- PROBLEM DESCRIPTION -
Give again, word for word, the lines below that run from the line with "within the chapter." through the line with "Bagru Print | |". Drop the pictures.
#### DATA FOR ANALYSIS
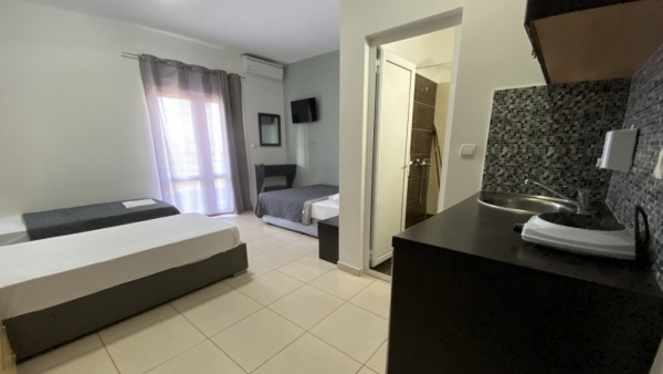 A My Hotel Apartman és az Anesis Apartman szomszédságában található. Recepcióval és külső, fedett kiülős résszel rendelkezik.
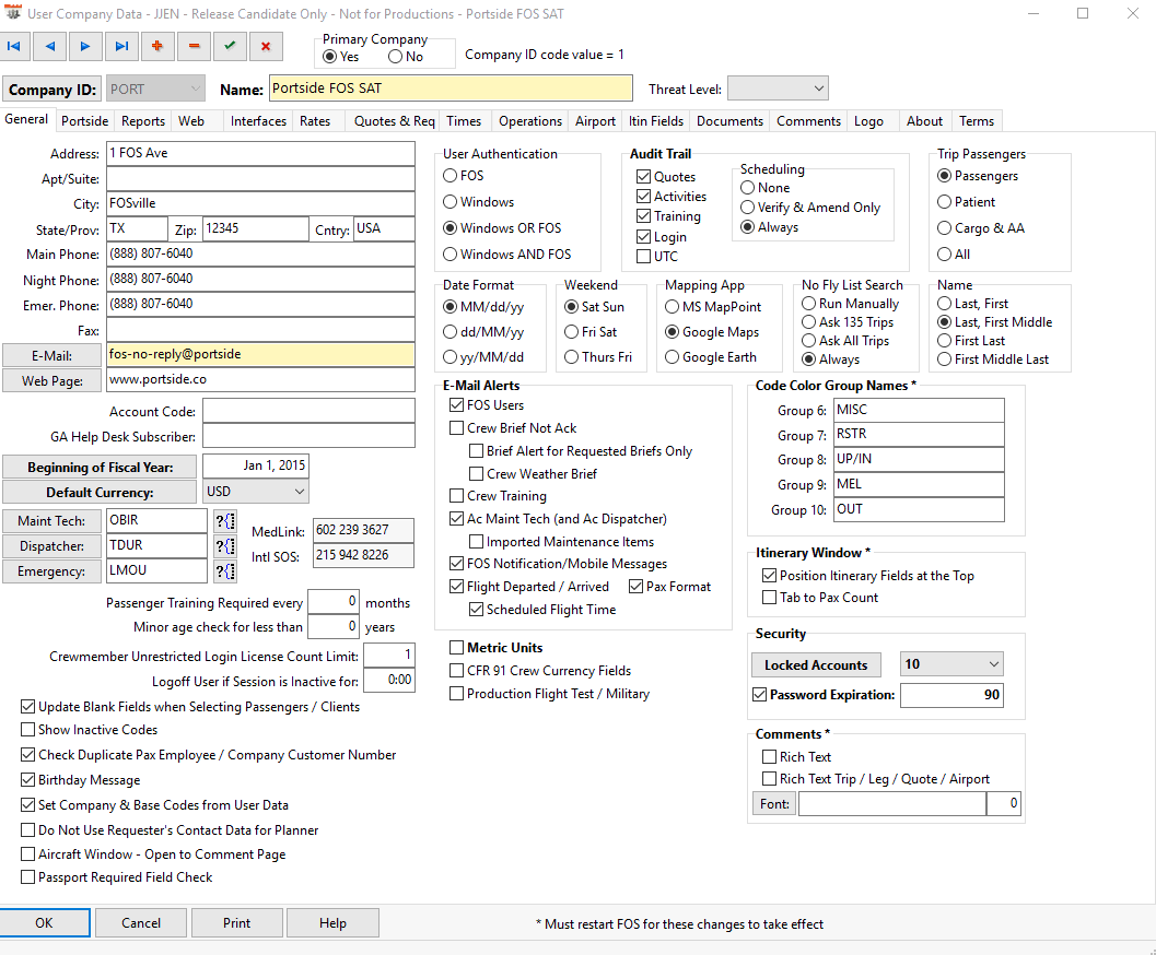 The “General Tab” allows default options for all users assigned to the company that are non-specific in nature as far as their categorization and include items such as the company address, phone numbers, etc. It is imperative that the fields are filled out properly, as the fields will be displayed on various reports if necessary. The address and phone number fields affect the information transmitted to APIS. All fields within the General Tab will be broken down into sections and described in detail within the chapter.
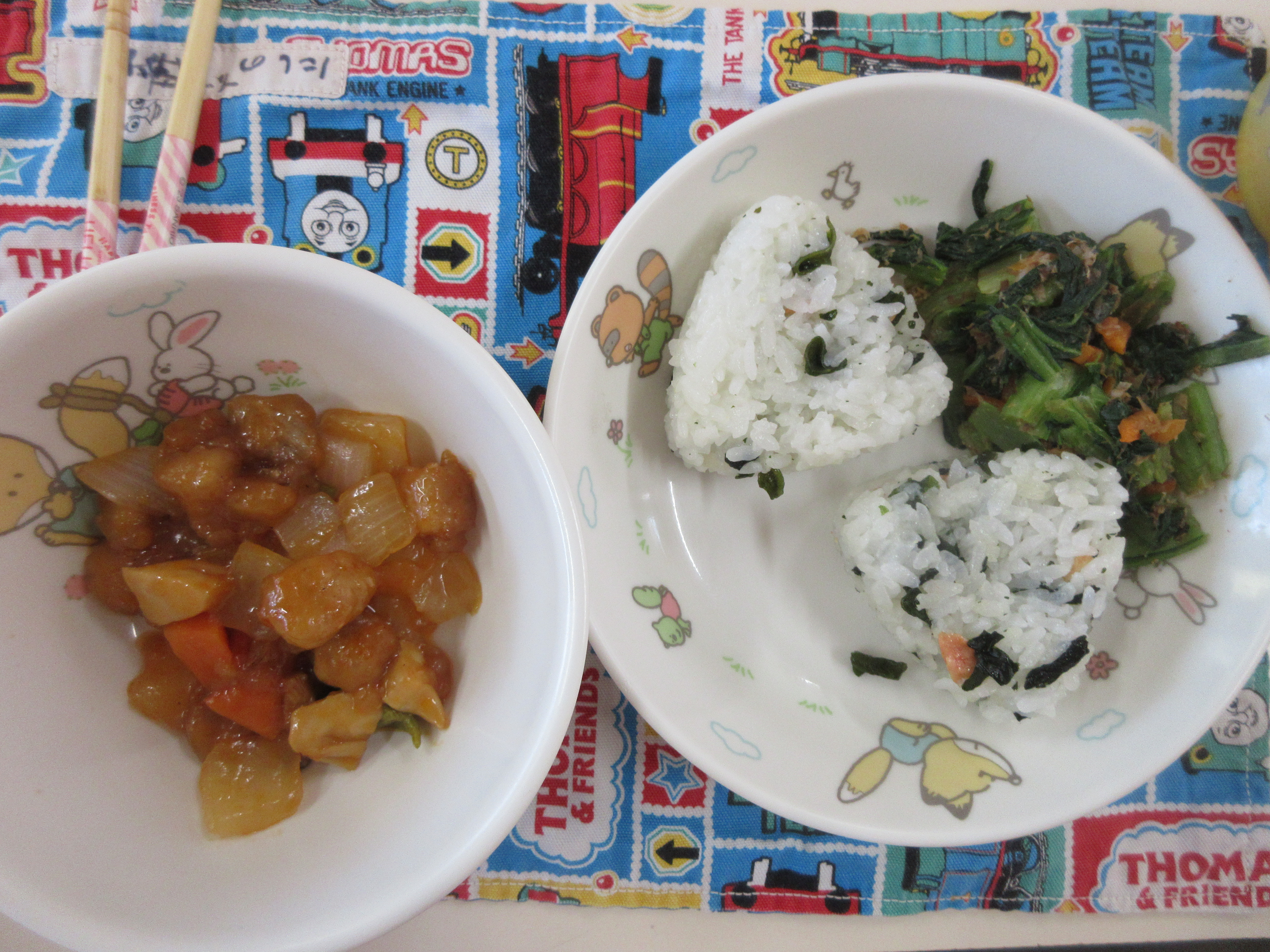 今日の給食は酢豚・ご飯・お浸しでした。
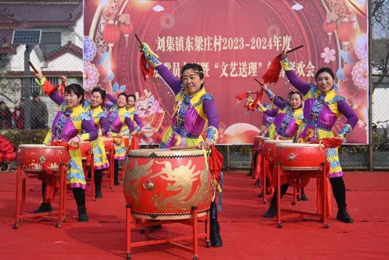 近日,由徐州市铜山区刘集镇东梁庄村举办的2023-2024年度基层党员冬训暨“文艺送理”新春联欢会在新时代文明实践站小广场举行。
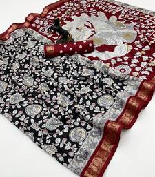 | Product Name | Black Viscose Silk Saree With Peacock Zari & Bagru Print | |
########
#### DATA FOR ANALYSIS
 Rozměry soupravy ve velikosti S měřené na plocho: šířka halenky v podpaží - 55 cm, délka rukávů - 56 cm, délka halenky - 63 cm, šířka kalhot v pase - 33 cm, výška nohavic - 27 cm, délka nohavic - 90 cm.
########
- RESULT OF THIS EXERCISE -
 The “General Tab” allows default options for all users assigned to the company that are non-specific in nature as far as their categorization and include items such as the company address, phone numbers, etc. It is imperative that the fields are filled out properly, as the fields will be displayed on various reports if necessary. The address and phone number fields affect the information transmitted to APIS. All fields within the General Tab will be broken down into sections and described in detail within the chapter.
 今日の給食は酢豚・ご飯・お浸しでした。
 近日,由徐州市铜山区刘集镇东梁庄村举办的2023-2024年度基层党员冬训暨“文艺送理”新春联欢会在新时代文明实践站小广场举行。
 | Product Name | Black Viscose Silk Saree With Peacock Zari & Bagru Print | |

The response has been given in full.